Last summer, Baidu CEO Robin Li claimed the company’s flagship large language model (LLM) Ernie surpassed OpenAI’s Chat-GPT on multiple fronts, including Chinese language capabilities. Now, on the eve of Ernie’s first anniversary, Li is highlighting another competitive advantage of the product – writing classical Chinese poetry.
In an interview with Chinese state television last week, Li revealed that Ernie performed better than ChatGPT when asked to generate a poem in Qinyuanchen, a particularly complex poetry meter dating back to the Tang Dynasty.
“If I asked GPT to compose a poem following the Qinyuanchun scheme, the tool would become totally confused,” Li said, “because it lacks the understanding of whether the first sentence should consist of four words or five.” In the interview, Li also acknowledged that Ernie’s English ability still lags behind GPT’s, rowing back from his remark in October that Ernie is “not inferior in any aspect” to GPT-4, the most recent iteration of ChatGPT.

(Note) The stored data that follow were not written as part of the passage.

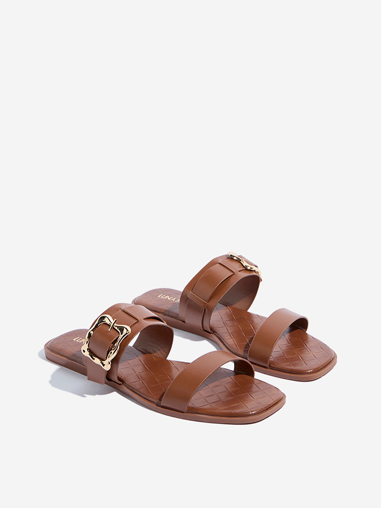 LUNA BLU Brown Dual-Strap Sandals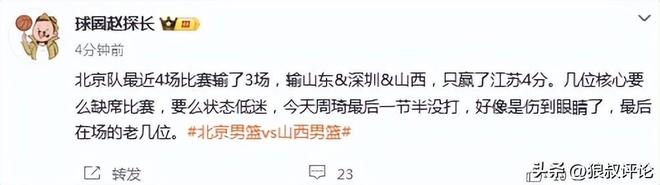 北京队最近4场比赛输了3场,输山东&深圳&山西,只赢了江苏4分。几位核心要么缺席比赛,要么状态低迷,今天周琦最后一节半没打,好像是伤到眼睛了,最后在场的老几位。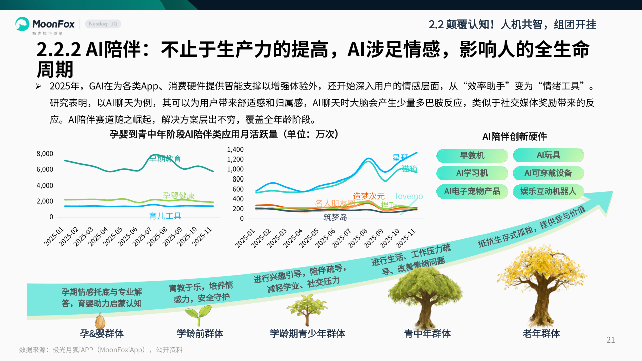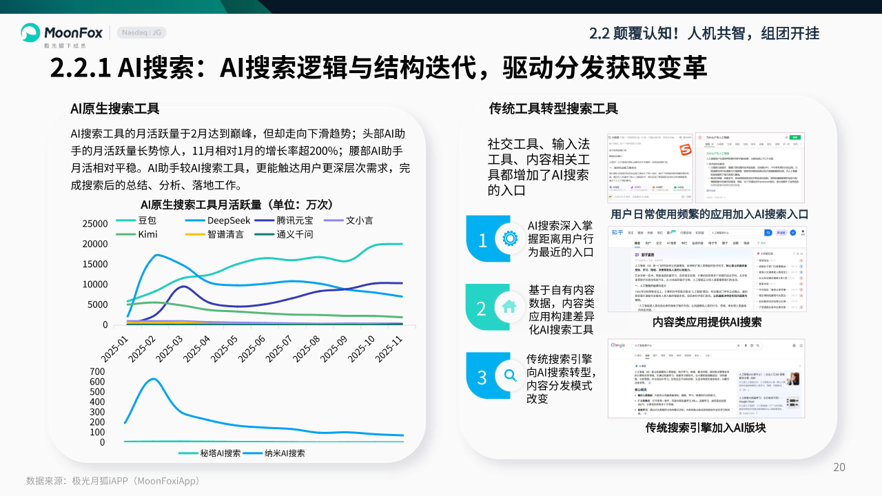在此背景下,极光月狐持续追踪2025年移动互联网各行业热点,敏锐洞察到“脱离惯性、不破难立”的发展大基调——跳出路径依赖、打破发展惯性,于混沌中挖掘典型案例,以案例复盘探寻行业规律,正是我们洞察当前互联网发展现状的核心思维。而“?”,便是极光月狐对2025年移动互联网行业现状的精准总结。极光月狐聚焦人工智能、人类智能协同、消费营销创新、新兴内容生态等核心领域,拆解其在2025年的发展逻辑。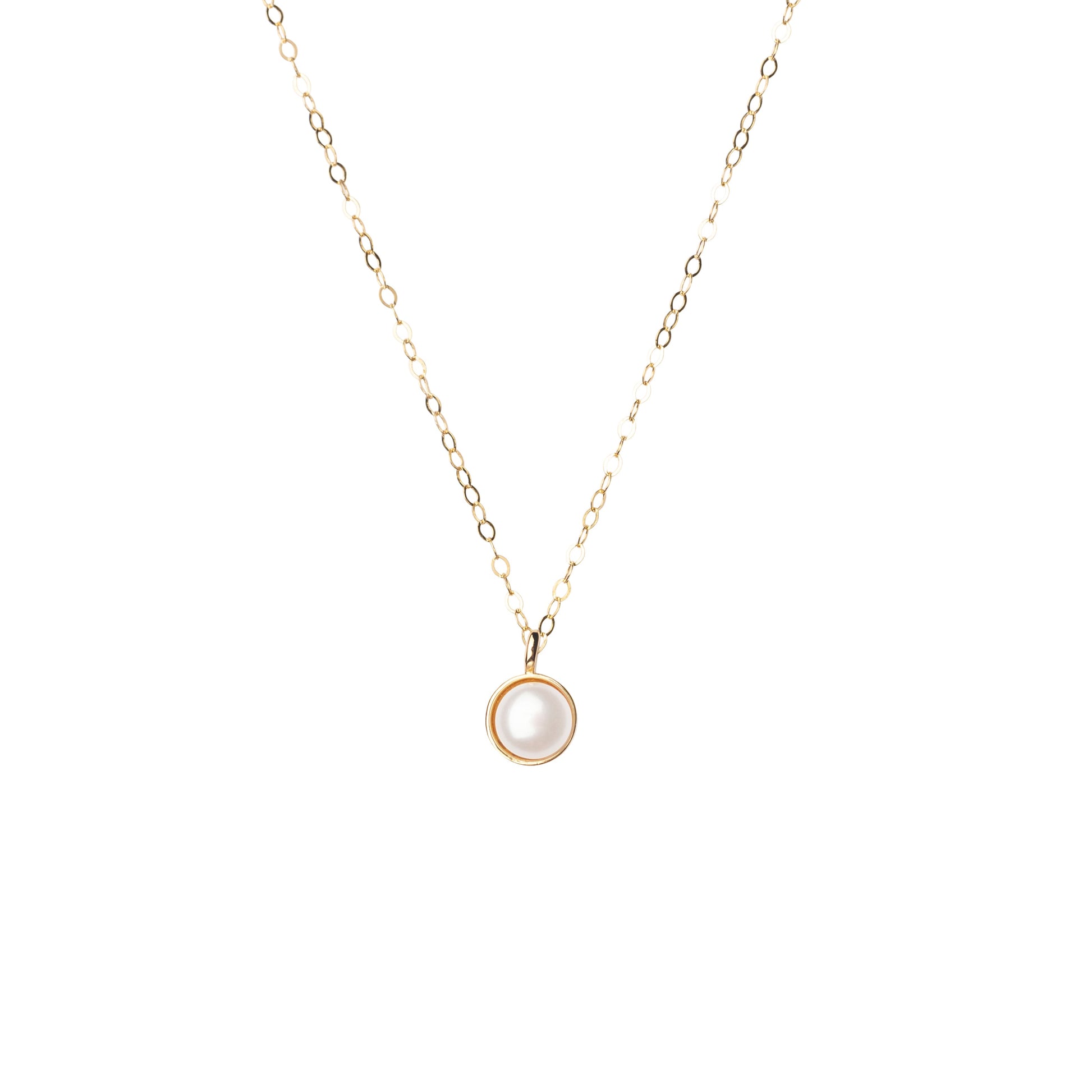 This lustrous pearl is the centerpiece of this delicate pendant drop necklace. Strung on 14k Goldfill chain, it won't tarnish or change colors, even with daily wear. Our necklace chains also come with an adjustable slider, so it can be worn as short as 16" or as long as 22".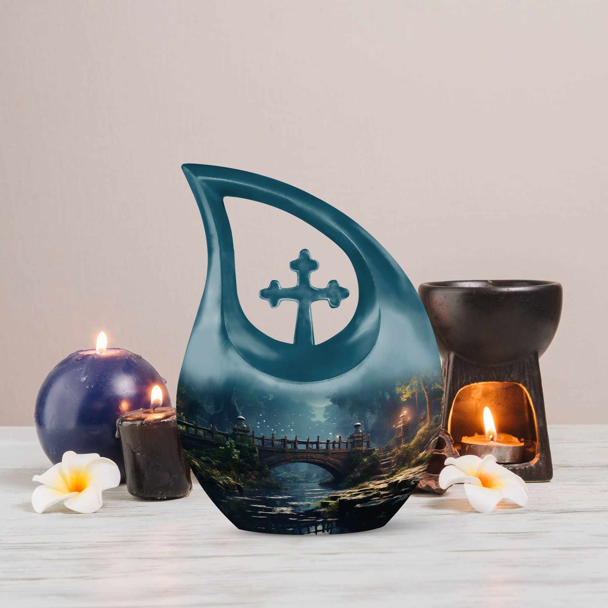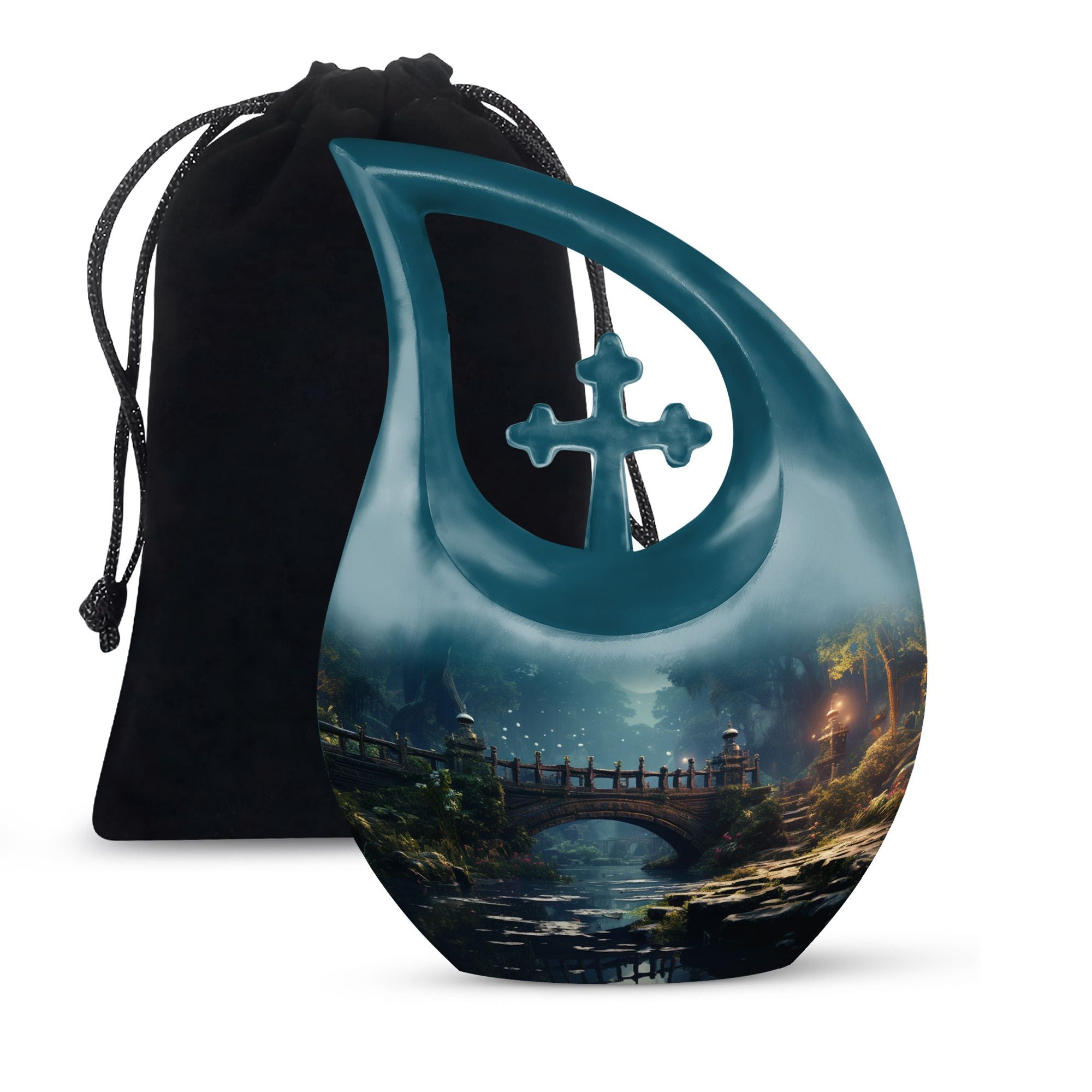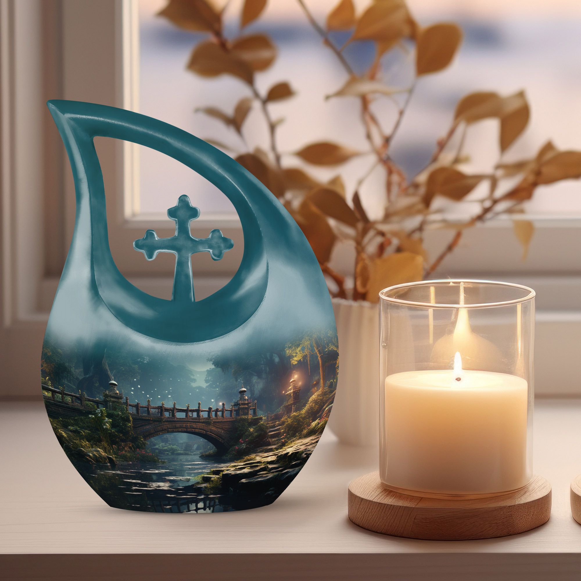 Carve in your loved ones memory by securing their blessings in very uniquely designed, Wilderness themed Mini Cremation Urn. Precision-cut from durable Aluminium material, weighing just 3.3 pounds and a size of 10 inches, this Wilderness Urn embodies a peaceful and soothing presence appealing to adults and seniors alike. Its capacity to contain 200 cubic inches of ashes provides your cherished one a deserved resting place. To augment the uniqueness, you can personalize it with engraved names, making the urns truly one of a kind. The package arrives with a delicate velvet pouch, ensuring the secure containment of ashes and adding to the overall touch of the urn. So, whether you're looking for Large Urns for Human Ashes, a Cremation Urn Vault or Unique Cremation Keepsakes, this Wilderness Urn fits the bill perfectly. Honor your loved ones and comfort your broken heart with these memorial urns crafted with love and grace.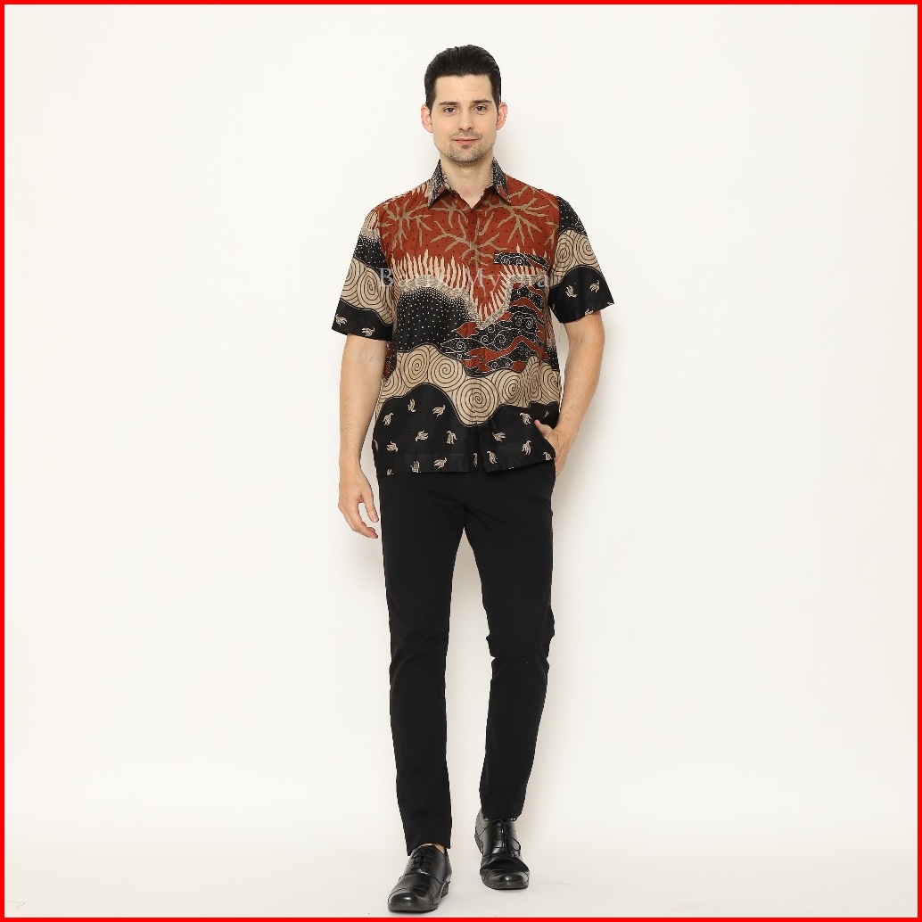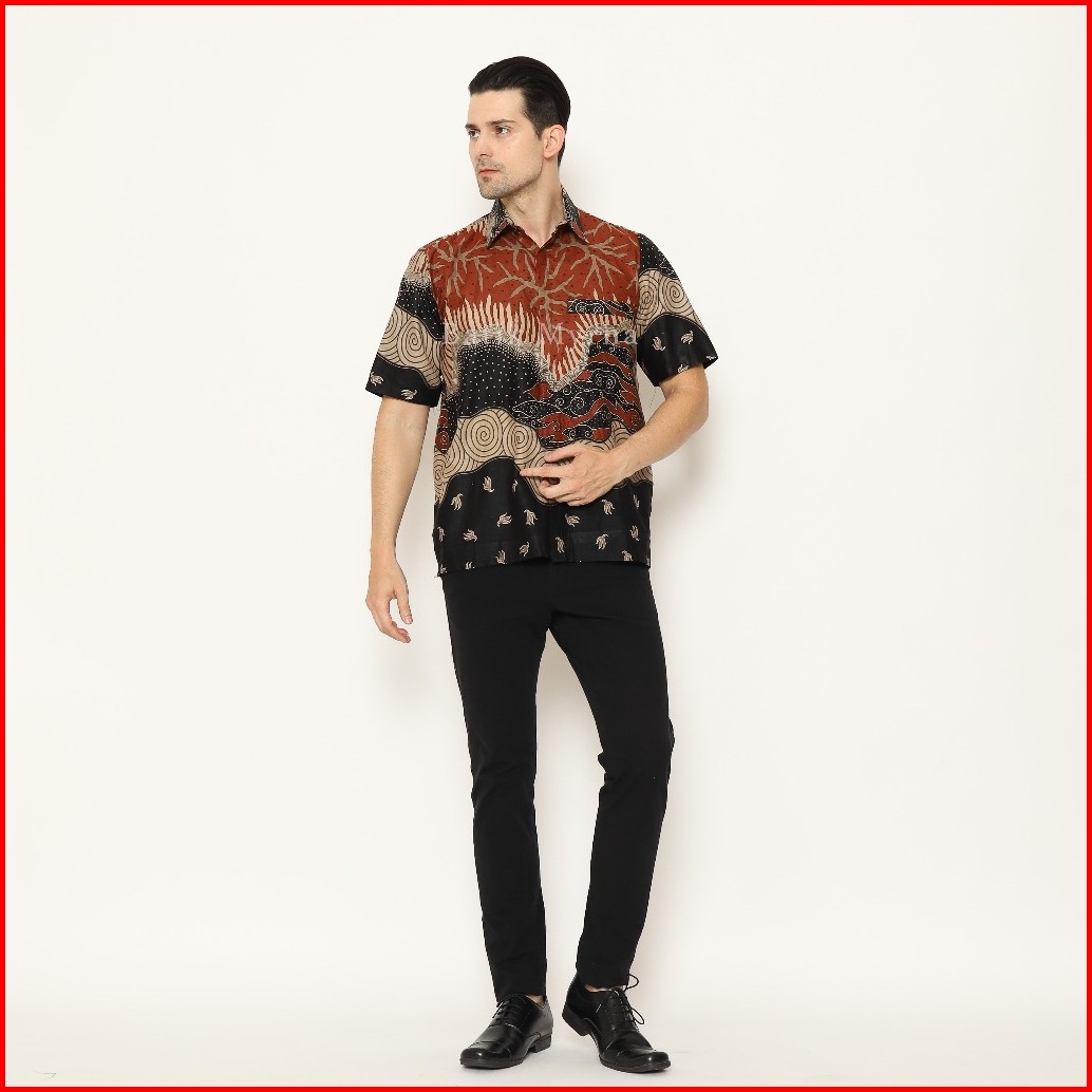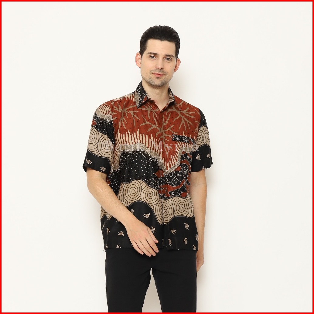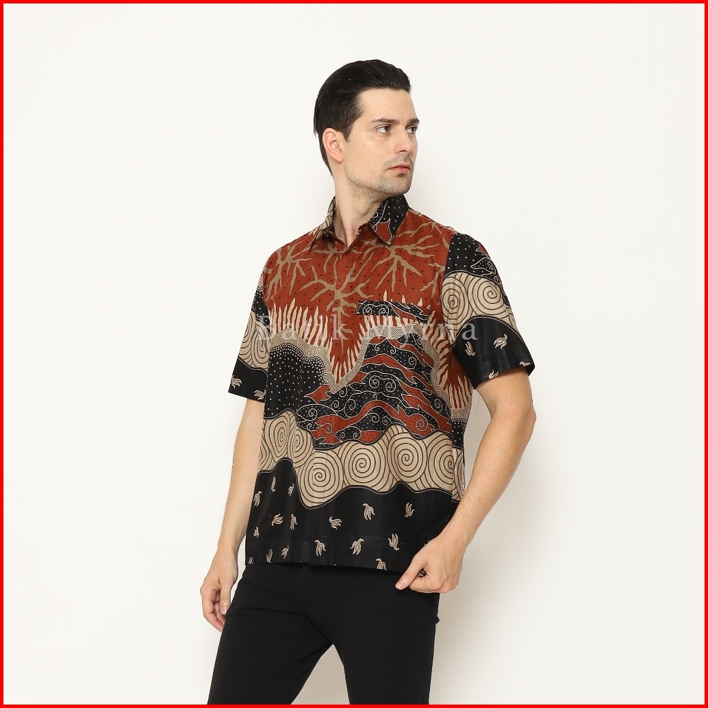 Batik Myrna - Kemeja Batik Lengan Pendek Pria Baju Atasan Motif Mega Mendung Terracotta

Since its launch in November 2022, ChatGPT has become the benchmark to which all other generative AI chatbots must aspire. Ernie fares well in this regard, ranking top among Chinese alternatives according to the domestic think tank Xinhua Institute, which tested LLMs’ basic language skills, logical reasoning, subject knowledge, and ability to enhance professionals’ productivity.
While Ernie was trained in a Chinese context supported by Baidu’s massive data resources inside the walled garden of China’s internet ecosystem, ChatGPT is tailored to the English-speaking world. Much as GPT cannot accurately generate a Qinyuanchun poem, Ernie struggled when prompted to write a haiku. Interestingly, Ernie possesses up-to-date knowledge of current affairs, the American model’s Achilles heel.
Ernie, which became open to the Chinese public in August 2023, remains unavailable outside China.